I took a deep breath, sighed, and I think I might’ve even smiled. “I do it rarely, but you’ve gotta admit that when I make an effort, I’m pretty good at it.”

She shook her head as she delved through the kit for the requisite supplies. “What in the hell came over you?”

“I was feeling manly.” I listened as the breezes played the dry, burnished grass like a mandolin and thought that maybe it was the oncoming winter, or maybe it was what Henry was reading in the file, or the fact that my left eye was almost completely swollen, but even though I felt tired, I was still willing to rise to the occasion. I sighed deeply and looked up at the Cheyenne Nation. “He supposedly burned a house down in 1992?”

“He was charged, but then it was dropped.”

Henry read further in the glow of Vic’s Maglite, which he held in his good hand as she continued to assess my injury. “He was supposedly out of town, but according to the Sheridan County sheriff there was reason to believe that he was the arsonist.”

Vic knocked my knees apart to get better access, and I listened to the creaking of her gun belt as she pushed against my legs.

The Bear read aloud. “ ‘Large, high-relief alligatoring of charred wood, crazing patterns of irregular glass, and depth of charring indicate the use of an accelerant… Line of demarcation and spalling of the masonry indicates suspicious point of origin.’ ”

Vic looked up. “What? They had Sparky the fuckin’ arson expert working over in Sheridan?”

He snorted. “It gets better. Guess who the investigating officer was?”

He held up the manila envelope with the arson report on top. Vic snatched it off his lap and read the scribbled signature at the bottom of the faxed sheet. “It says Frymire. Fuck me.”

I looked back up at her and remembered that Chuck had been employed by Sheridan County before us. “Our Frymire?”

Henry nodded. “In the personal notes, he says that it was such a clear case of deliberate fire that he tried to run it down, but as soon as the owner got a check from the insurance company, he dropped the charges.”

The Cheyenne Nation sat forward to hold the flashlight for Vic as she squeezed a worm of topical antibiotic onto her index finger.

Vic leaned my head back and removed the gauze pad she’d been using to sop up the blood, careful to keep the medication on her finger from getting smeared off. I spoke to the sky. “Who’s watching the store?”

“Ruby, and she says to tell you that the next time you’re working undercover, would you please leave a note or something?”

“I’ll leave a sock on my office doorknob.”

“You don’t have a doorknob.”

I looked at Henry’s hand as he held the flashlight, and Vic smeared the goop under my eye and into the cut. “Oww.”

She smirked. “Good. I hope it fucking hurts.” She peeled the wrapper from a large gauze-backed Band-Aid. “I’ll ask again: what in the hell possessed you?”

I continued to look at the Bear’s hand. “The Indian started it.”

She dismissed him with a glancing blow from the Mediterranean eyes and pasted the bandage onto my cheek. “From him I expect it.”

“Why?”

She smiled, the canine tooth sparking in the beam of the flashlight. “He’s a savage.”

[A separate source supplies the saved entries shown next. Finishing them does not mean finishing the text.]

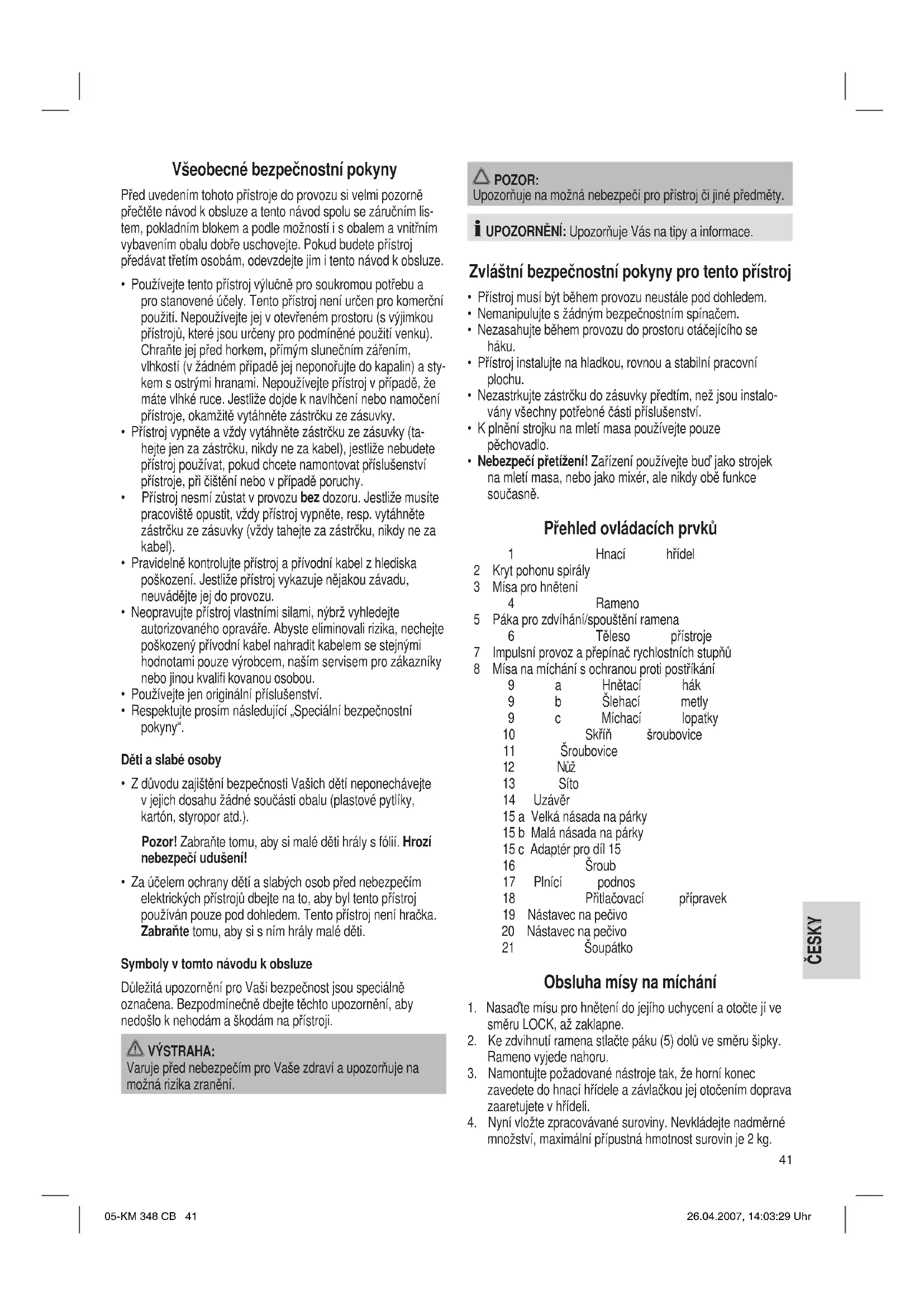 množství, maximální přípustná hmotnost surovin je 2 kg. 05-KM 348 CB 41 26.04.2007, 14:03:29 Uhr42 ČESKY ČESKY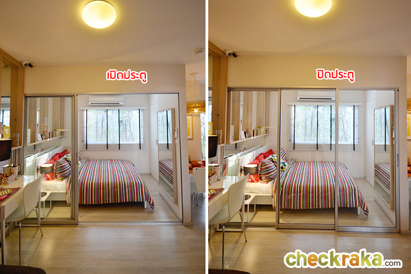 ส่วนถัดมาเป็นห้องนอน พร้อมประตูกั้นห้องแบบบานเลื่อน 3 ตอน กรอบเป็นอลูมิเนียมสีธรรมชาติ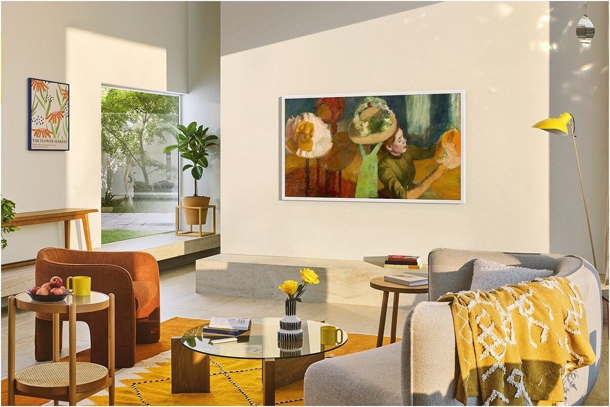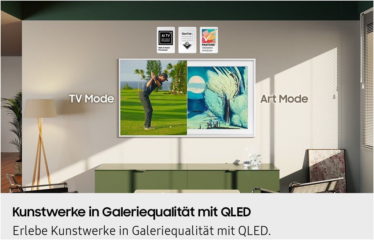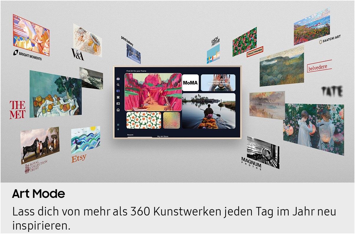 - Verwandle mithilfe des Art Modes deine Wohnung in eine virtuelle Kunstgalerie mit wechselnden Kunstwerken, wenn du gerade nicht Fernsehen guckst.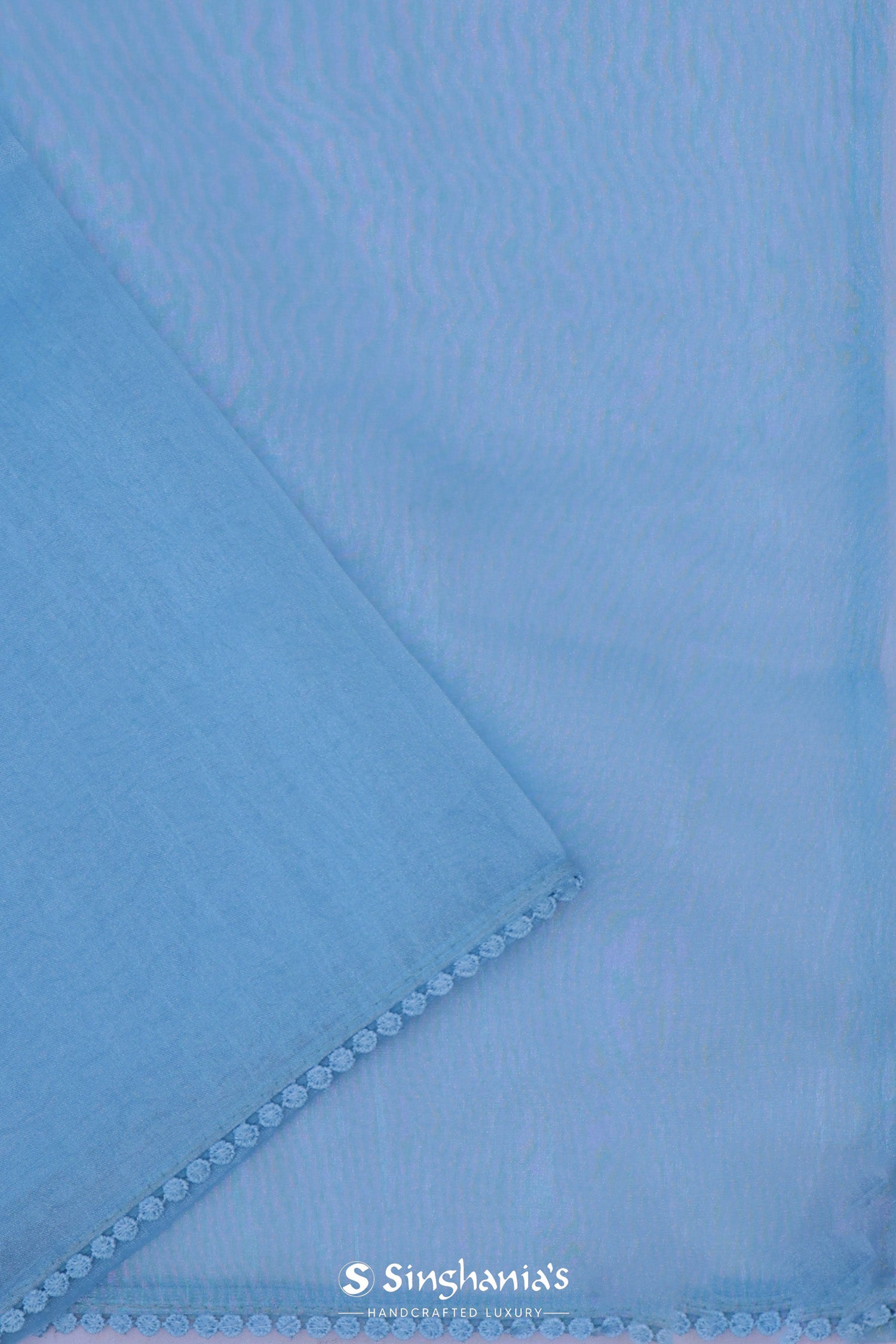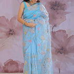 Dark Pastel Blue Organza Tissue Saree With Floral Embroidery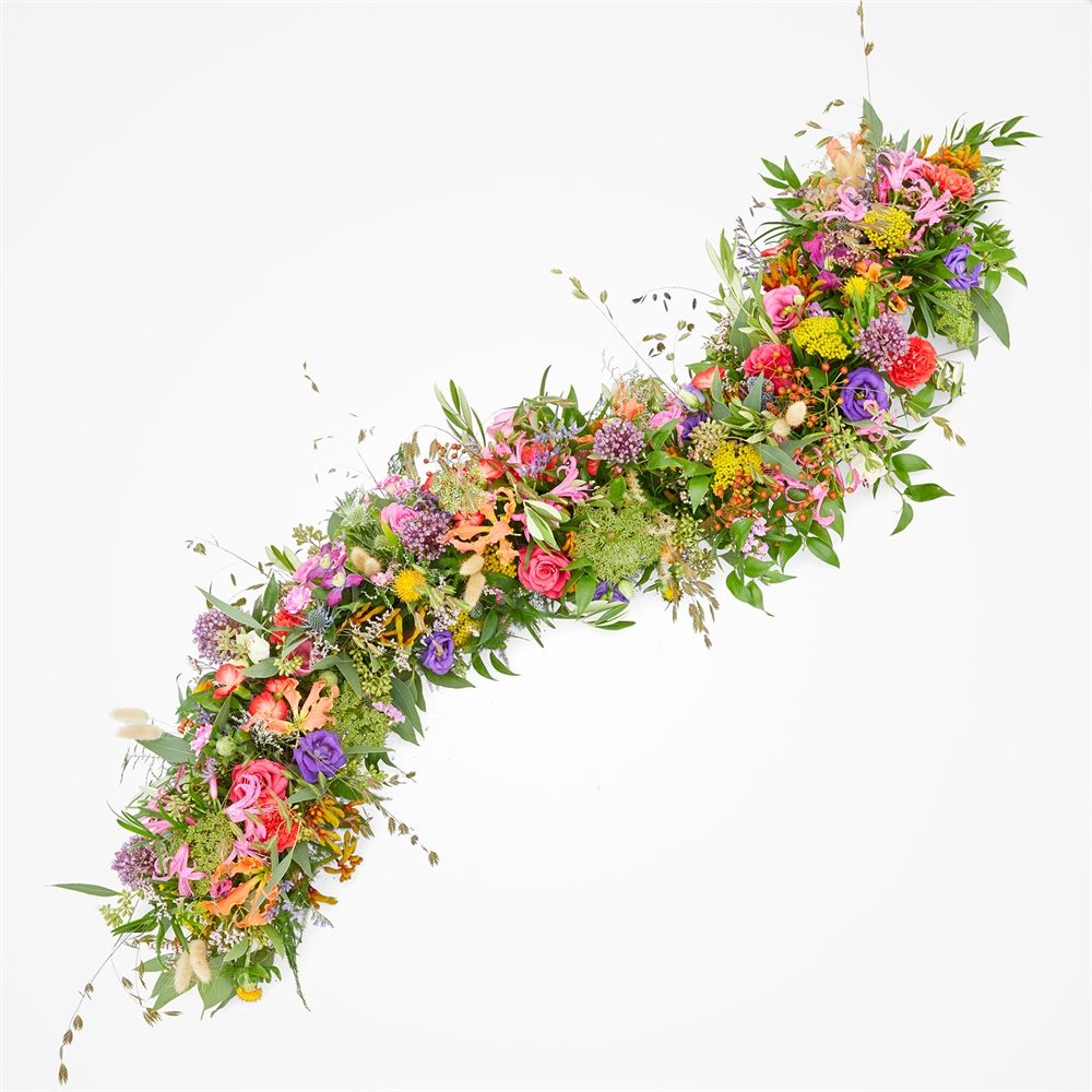 Ontdek het betoverende Kleurgolf rouwstuk, een levendig meesterwerk van warme kleuren. Laat je betoveren door de intense bloemenpracht die je doet denken aan zomerse weelde. Een unieke creatie die beschikbaar is in 100cm en een prachtig eerbetoon vormt. Perfect om liefde en troost over te brengen aan iemand die je dierbaar is. Maak een blijvende indruk door dit weelderige rouwstuk cadeau te doen en stuur een boodschap van warmte en waardering. Laat onze kunstzinnige arrangementen je helpen om op een tastbare manier je liefde en medeleven te tonen. Met onze bezorgservice verspreiden we dit levendige blijk van genegenheid door heel Nederland, zodat je zelfs op afstand dichtbij kunt zijn. Geef nu iets moois dat de ontvanger zal koesteren en waarvan de prachtige herinnering blijft.

Henry’s voice rumbled in his chest. “Look who is talking.”

After Vic finished, I stood and walked away from the bridge toward five horses. They stood just over the crest of a hill alongside the river and watched us, probably wondering if there was any chance of getting fed. I made a kissing sound and watched as the lead bay raised his head. He came toward us, and the others followed. They expected something to eat but settled for nosing my hands.